WinnyNinny PooPoo said...

Sounds great that the people you went to knew their products. Just like a pharmacist, they should know what goes into what they dispense!

The problem with botanicals is just what you say, the dosages can be inconsistent, no matter what botanical you use!

Faren said...

I'm really glad that you have found something that helps you fairly constantly.

Shauna said...

Hi there;

From a sister in pain to another...your writing is so truthful, selfless and honest. Excellent blog. I'm adding you to my Blogroll if that is alright with you. :-D

I'm all for anything that helps each individual. I'm a very liberal person; I happen to be a nurse, (retired now due to being Disabled), and my specialty was Palliative Care. Hospice nursing taught me that anything, literally any substance, or a mixture of a select few; that worked for my beautiful patients as they eased their way out of this existence, as pain free as possible....well, that taught me that society needs to loosen the straight-laced belts a tad, and realize that alternative treatments work on some pain sufferers, dying or not. Unfortunately, until a person suffers pain, and pain that stops being Acute and moves on to Chronic; will not, and can not know or understand what we feel.

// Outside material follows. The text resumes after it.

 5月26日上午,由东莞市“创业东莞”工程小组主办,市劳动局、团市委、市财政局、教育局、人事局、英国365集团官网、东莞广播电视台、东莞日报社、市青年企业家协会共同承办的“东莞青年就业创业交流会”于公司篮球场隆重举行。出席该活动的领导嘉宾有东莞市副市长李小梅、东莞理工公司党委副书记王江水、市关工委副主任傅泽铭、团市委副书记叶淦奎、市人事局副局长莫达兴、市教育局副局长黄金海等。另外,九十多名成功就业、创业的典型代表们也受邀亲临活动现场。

Not simply relief of pain was my focus. The whole person was assessed, and all needs were met; from spiritual, to social, personal to their family support system. It was an honor, I consider it; to be present when someone left this earth. It is a quite sublime experience--truly not explainable with words.

My mom and dad were both under my care on hospice, ( they had Hospice nurses, I was their primary caregiver.) yet they both waited until that one night that I left and spent the night at my house. I believe that was their choice...a decision made even through a coma.

Let's keep in touch--we have a lot in common sister!